START Data records

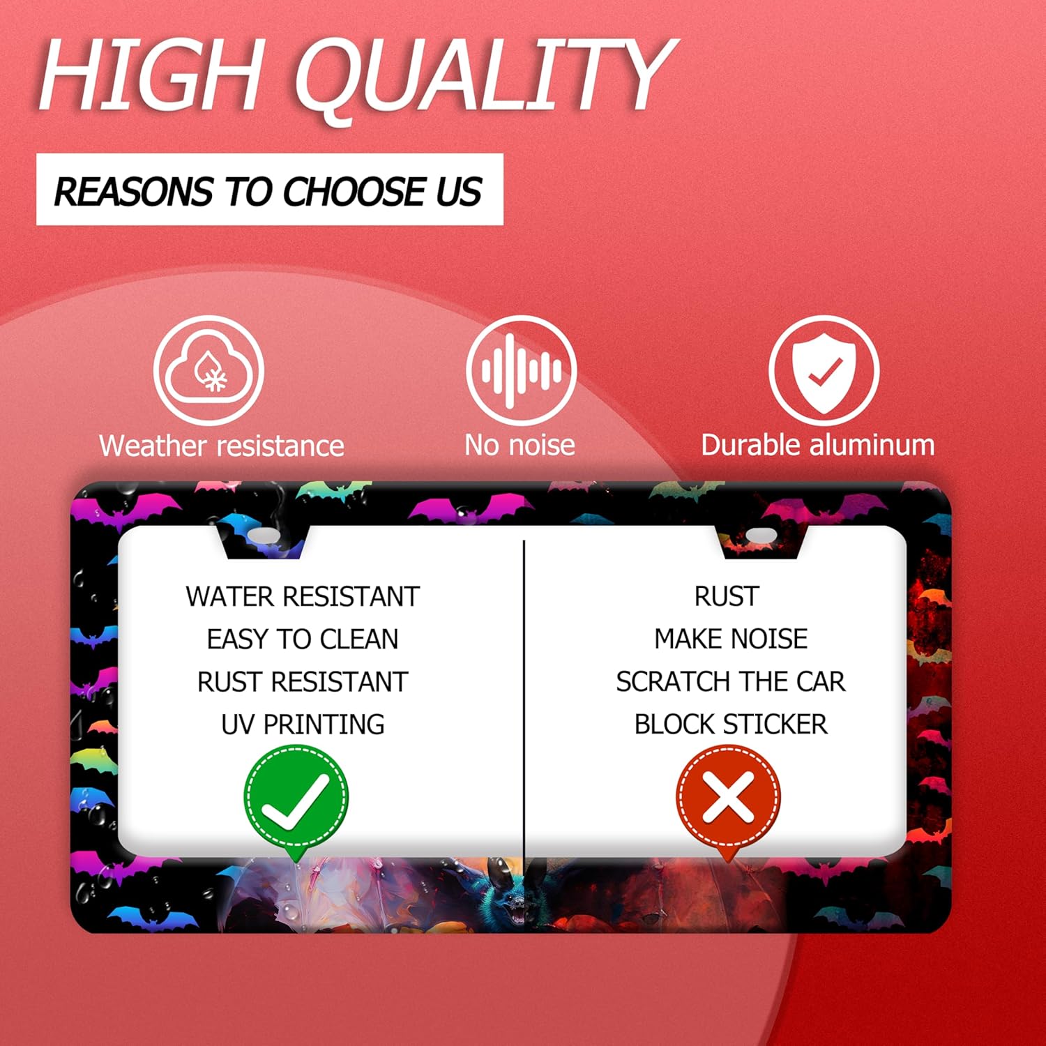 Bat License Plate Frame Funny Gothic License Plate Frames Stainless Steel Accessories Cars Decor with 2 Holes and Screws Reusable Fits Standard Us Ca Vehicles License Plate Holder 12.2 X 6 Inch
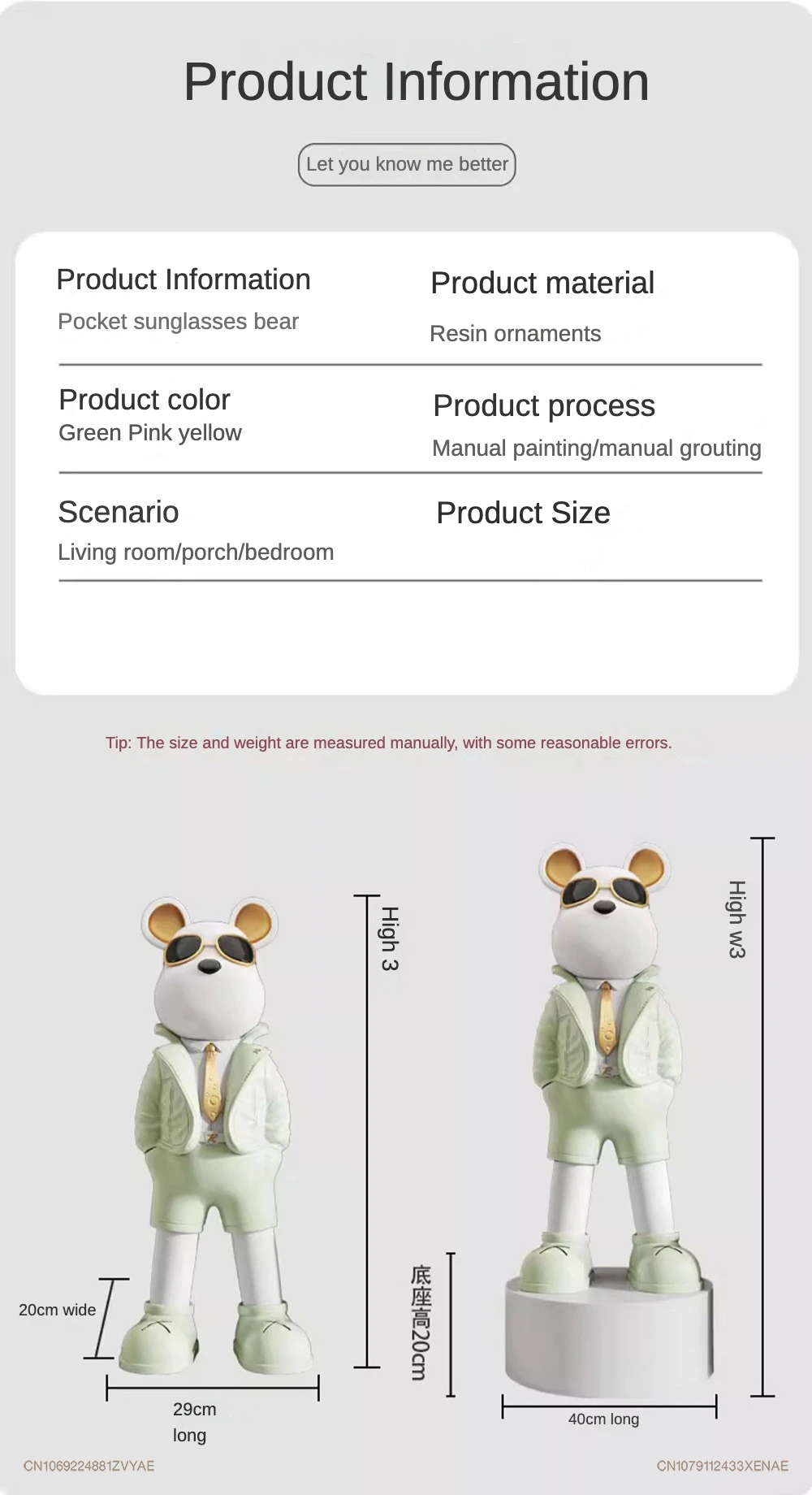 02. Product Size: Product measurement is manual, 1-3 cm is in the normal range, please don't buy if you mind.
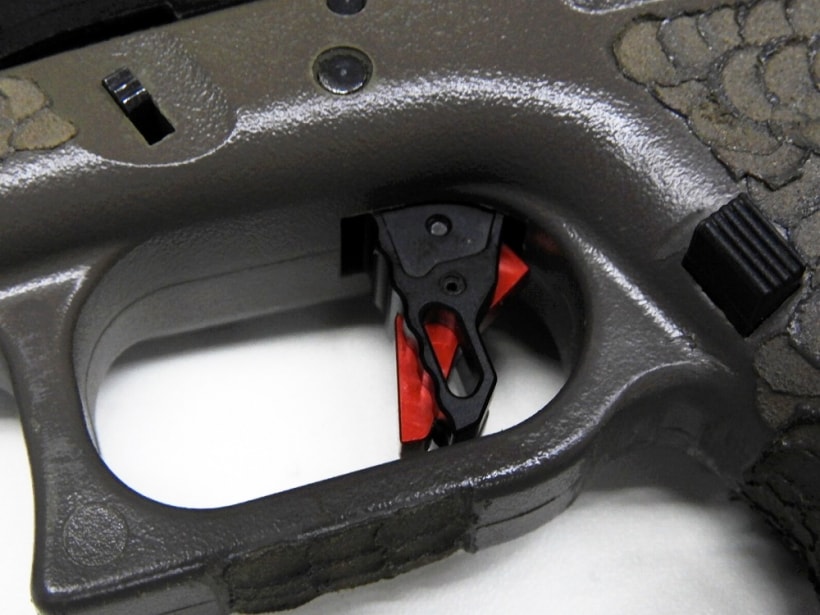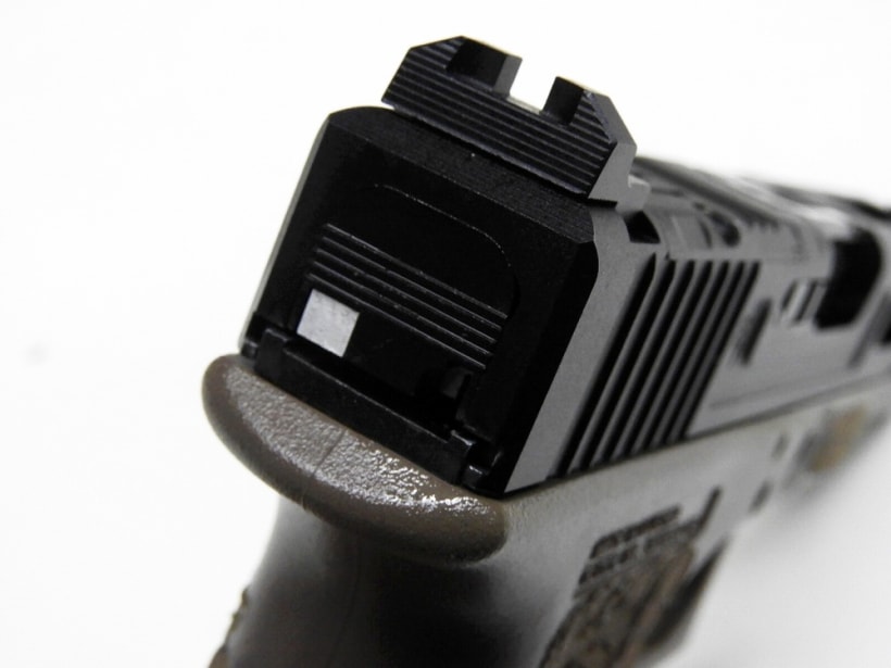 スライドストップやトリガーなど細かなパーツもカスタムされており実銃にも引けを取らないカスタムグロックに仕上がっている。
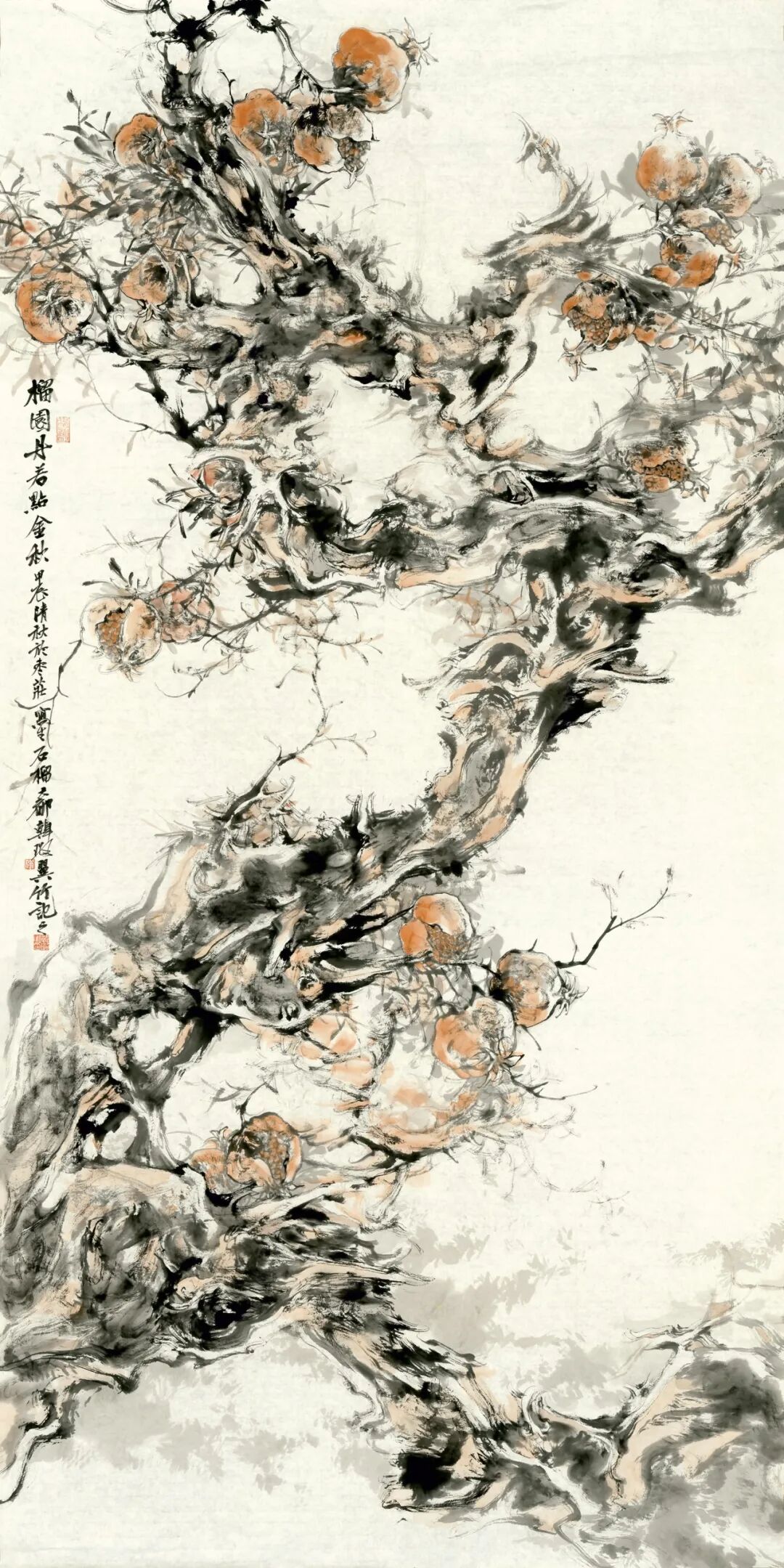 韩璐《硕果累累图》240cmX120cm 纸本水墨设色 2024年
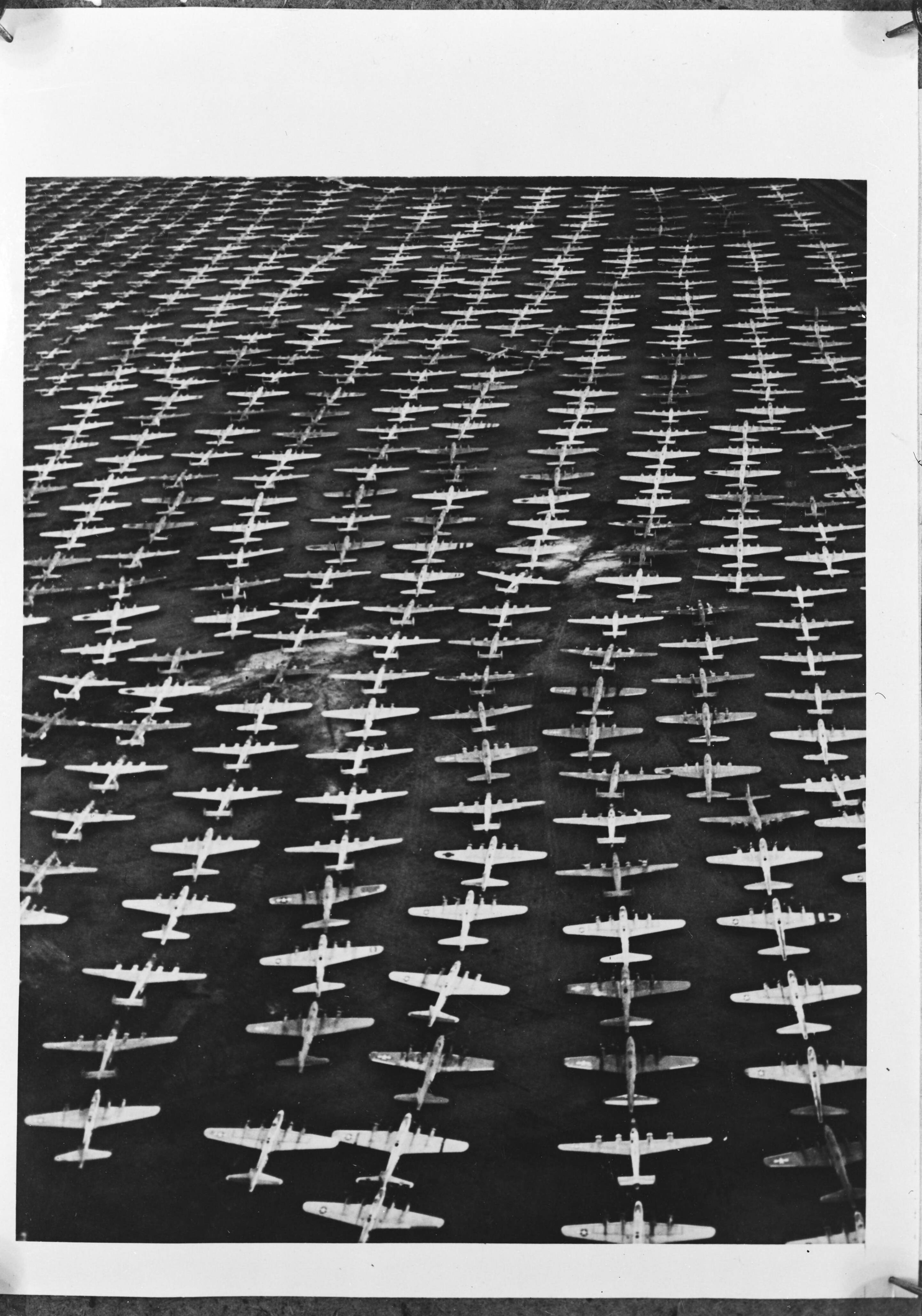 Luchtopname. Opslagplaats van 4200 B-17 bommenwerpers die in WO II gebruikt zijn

END Data records

Task prompt>
Counting the line with "02. Product Size: Product" and the last line of the data above, transcribe those two lines and every line between them exactly, without the pictures.

Worked solution>
 02. Product Size: Product measurement is manual, 1-3 cm is in the normal range, please don't buy if you mind.
 スライドストップやトリガーなど細かなパーツもカスタムされており実銃にも引けを取らないカスタムグロックに仕上がっている。
 韩璐《硕果累累图》240cmX120cm 纸本水墨设色 2024年
 Luchtopname. Opslagplaats van 4200 B-17 bommenwerpers die in WO II gebruikt zijn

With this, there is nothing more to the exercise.